Integration and Automation

Webhook Integration

Python
def setup_webhook_integration(webhook_url, events=None):
    """Set up webhook integration for alerts"""
    integration_data = {
        "type": "webhook",
        "name": "Alert Webhook Integration",
        "config": {
            "url": webhook_url,
            "method": "POST",
            "headers": {
                "Content-Type": "application/json",
                "Authorization": "Bearer YOUR_WEBHOOK_TOKEN"
            }
        },
        "events": events or [
            "alert.triggered",
            "alert.resolved",
            "alert.acknowledged"
        ],
        "filters": {
            "severity": ["critical", "high"],
            "category": ["performance", "availability"]
        }
    }
    
    response = requests.post(
        "https://api.tensorone.ai/v2/monitoring/integrations",
        headers={
            "Authorization": "Bearer YOUR_API_KEY",
            "Content-Type": "application/json"
        },
        json=integration_data
    )
    
    return response.json()

# Set up Slack webhook integration
slack_integration = setup_webhook_integration(
    "https://hooks.slack.com/services/YOUR/SLACK/WEBHOOK",
    events=["alert.triggered", "alert.resolved"]
)

print(f"Webhook integration created: {slack_integration['integrationId']}")
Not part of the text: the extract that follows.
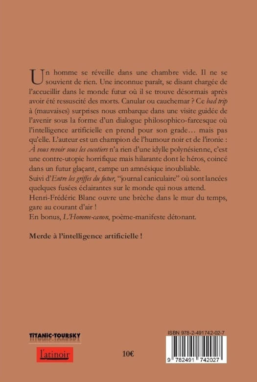 Un homme se réveille dans une vaste chambre vide. Qui est-il ? Il ne s'en souvient pas. Seuls émergent dans son esprit quelques vagues images de meetings politiques... Une inconnue apparaît, se disant chargée de l'accueillir dans le monde futur où il se trouve désormais, après avoir été ressuscité des morts. Canular ou cauchemar ? Ce bad trip nous embarque dans une visite guidée de l'avenir sous la forme d'un dialogue philosophico-burlesque que n'auraient renié ni Swift ni Ionesco, où l'intelligence artificielle en prend pour son grade. Contre-utopie terrifique et tordante dont le héros, politicien coincé dans un futur glaçant, est un amnésique inoubliable. Merde à l'intelligence artificielle !

Automated Response Actions

Python
def create_automated_response(trigger_conditions, actions):
    """Create automated response for specific alert conditions"""
    automation_data = {
        "name": "Auto Scale on High CPU",
        "description": "Automatically scale clusters when CPU utilization is high",
        "enabled": True,
        "triggerConditions": trigger_conditions,
        "actions": actions,
        "cooldownPeriod": "10m"  # Prevent rapid successive triggers
    }
    
    response = requests.post(
        "https://api.tensorone.ai/v2/monitoring/automations",
        headers={
            "Authorization": "Bearer YOUR_API_KEY",
            "Content-Type": "application/json"
        },
        json=automation_data
    )
    
    return response.json()

# Create auto-scaling automation
auto_scale_response = create_automated_response(
    trigger_conditions=[
        {
            "alertCategory": "performance",
            "metric": "cpu_utilization",
            "threshold": 85,
            "duration": "5m",
            "resourceType": "cluster"
        }
    ],
    actions=[
        {
            "type": "scale_cluster",
            "parameters": {
                "scaleDirection": "up",
                "scaleAmount": 1
            }
        },
        {
            "type": "notify",
            "parameters": {
                "channel": "slack",
                "message": "Auto-scaled cluster due to high CPU utilization"
            }
        }
    ]
)

print(f"Automation created: {auto_scale_response['automationId']}")

Best Practices

Alert Configuration

  • Meaningful Thresholds: Set thresholds based on actual impact, not arbitrary numbers
  • Appropriate Severity: Match severity to business impact
  • Clear Descriptions: Write clear, actionable alert descriptions
  • Proper Categorization: Use consistent categories for easy filtering

Alert Management

  • Timely Response: Acknowledge critical alerts within minutes
  • Documentation: Document resolution steps for common issues
  • Post-Incident Reviews: Analyze alerts after incidents to improve detection
  • Regular Tuning: Regularly review and adjust alert thresholds

Noise Reduction

  • Alert Grouping: Group related alerts to reduce noise
  • Intelligent Suppression: Suppress redundant alerts during maintenance
  • Escalation Policies: Implement proper escalation for unhandled alerts
  • Regular Cleanup: Remove obsolete or ineffective alert rules
Alert data is retained for 90 days. Configure webhook integrations to maintain longer historical records in your external systems.
Use alert correlation and predictive features to move from reactive to proactive monitoring. Focus on alerts that indicate real business impact rather than just technical metrics.